• _The problem_
Would you transcribe each entry exactly as it stands, omitting the pictures?

Items listed in a dataset
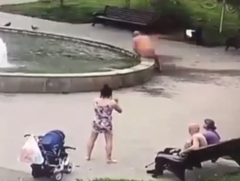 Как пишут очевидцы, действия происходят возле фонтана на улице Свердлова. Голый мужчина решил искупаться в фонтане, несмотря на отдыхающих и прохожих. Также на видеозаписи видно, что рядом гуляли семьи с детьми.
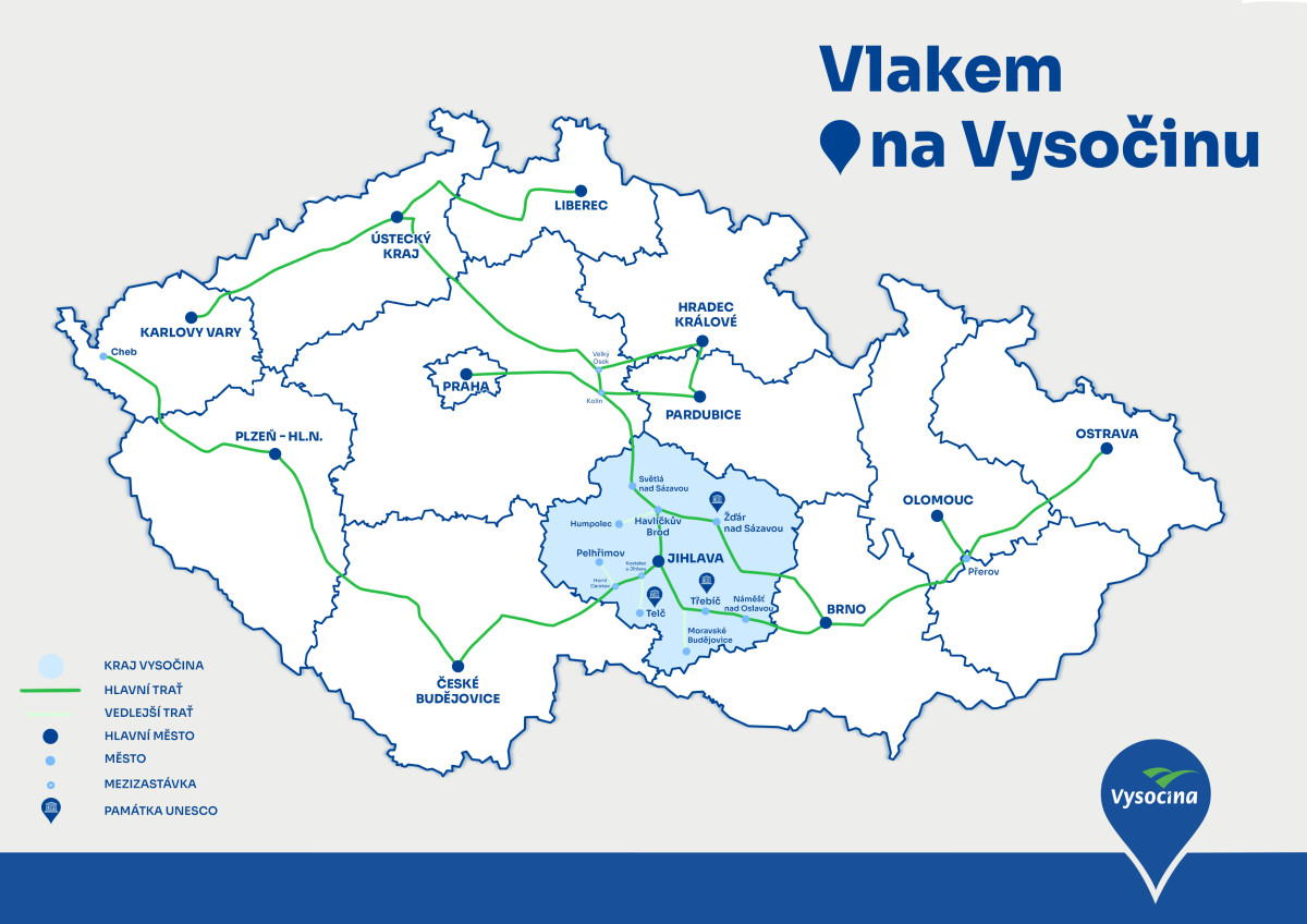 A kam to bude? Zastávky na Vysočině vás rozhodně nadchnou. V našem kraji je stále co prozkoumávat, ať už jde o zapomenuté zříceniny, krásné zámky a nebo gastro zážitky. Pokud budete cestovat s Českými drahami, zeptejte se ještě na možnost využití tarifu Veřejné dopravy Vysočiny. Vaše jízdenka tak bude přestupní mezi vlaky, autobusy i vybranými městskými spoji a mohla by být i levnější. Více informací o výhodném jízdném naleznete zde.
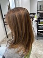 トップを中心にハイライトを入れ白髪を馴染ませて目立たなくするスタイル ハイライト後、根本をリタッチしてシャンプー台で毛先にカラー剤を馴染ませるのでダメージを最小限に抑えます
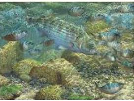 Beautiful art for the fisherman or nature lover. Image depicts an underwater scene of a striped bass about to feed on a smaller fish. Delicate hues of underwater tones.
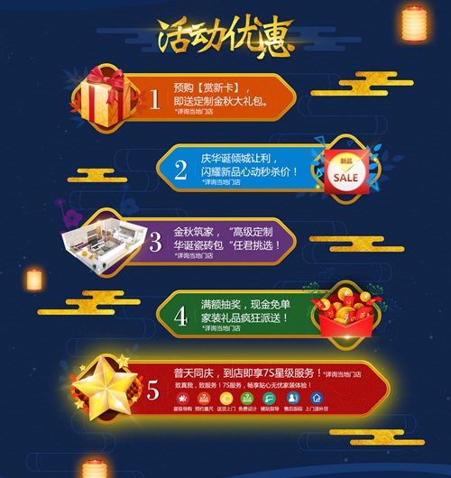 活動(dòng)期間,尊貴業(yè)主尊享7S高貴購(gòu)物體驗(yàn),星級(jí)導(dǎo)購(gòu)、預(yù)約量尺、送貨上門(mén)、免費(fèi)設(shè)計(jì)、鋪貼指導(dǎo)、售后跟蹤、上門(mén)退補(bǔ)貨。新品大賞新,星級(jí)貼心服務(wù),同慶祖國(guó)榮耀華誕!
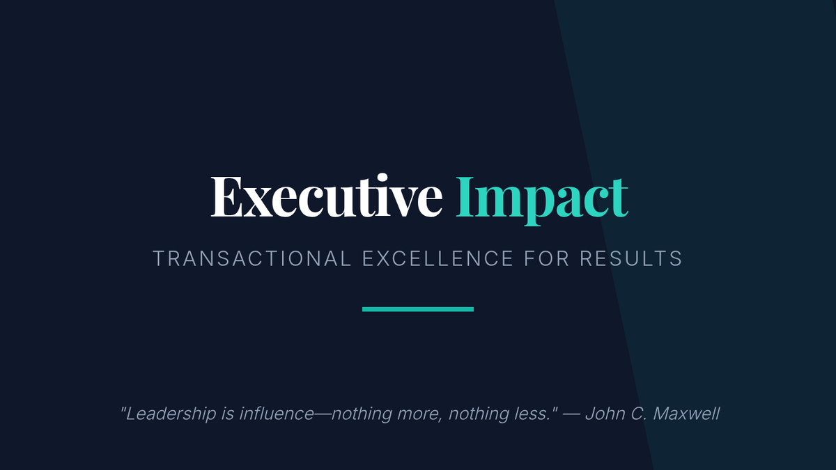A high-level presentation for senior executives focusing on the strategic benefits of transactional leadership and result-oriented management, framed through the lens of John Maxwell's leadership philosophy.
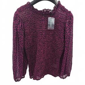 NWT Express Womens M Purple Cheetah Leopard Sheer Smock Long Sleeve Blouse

• _Response_
 Как пишут очевидцы, действия происходят возле фонтана на улице Свердлова. Голый мужчина решил искупаться в фонтане, несмотря на отдыхающих и прохожих. Также на видеозаписи видно, что рядом гуляли семьи с детьми.
 A kam to bude? Zastávky na Vysočině vás rozhodně nadchnou. V našem kraji je stále co prozkoumávat, ať už jde o zapomenuté zříceniny, krásné zámky a nebo gastro zážitky. Pokud budete cestovat s Českými drahami, zeptejte se ještě na možnost využití tarifu Veřejné dopravy Vysočiny. Vaše jízdenka tak bude přestupní mezi vlaky, autobusy i vybranými městskými spoji a mohla by být i levnější. Více informací o výhodném jízdném naleznete zde.
 トップを中心にハイライトを入れ白髪を馴染ませて目立たなくするスタイル ハイライト後、根本をリタッチしてシャンプー台で毛先にカラー剤を馴染ませるのでダメージを最小限に抑えます
 Beautiful art for the fisherman or nature lover. Image depicts an underwater scene of a striped bass about to feed on a smaller fish. Delicate hues of underwater tones.
 活動(dòng)期間,尊貴業(yè)主尊享7S高貴購(gòu)物體驗(yàn),星級(jí)導(dǎo)購(gòu)、預(yù)約量尺、送貨上門(mén)、免費(fèi)設(shè)計(jì)、鋪貼指導(dǎo)、售后跟蹤、上門(mén)退補(bǔ)貨。新品大賞新,星級(jí)貼心服務(wù),同慶祖國(guó)榮耀華誕!
A high-level presentation for senior executives focusing on the strategic benefits of transactional leadership and result-oriented management, framed through the lens of John Maxwell's leadership philosophy.
 NWT Express Womens M Purple Cheetah Leopard Sheer Smock Long Sleeve Blouse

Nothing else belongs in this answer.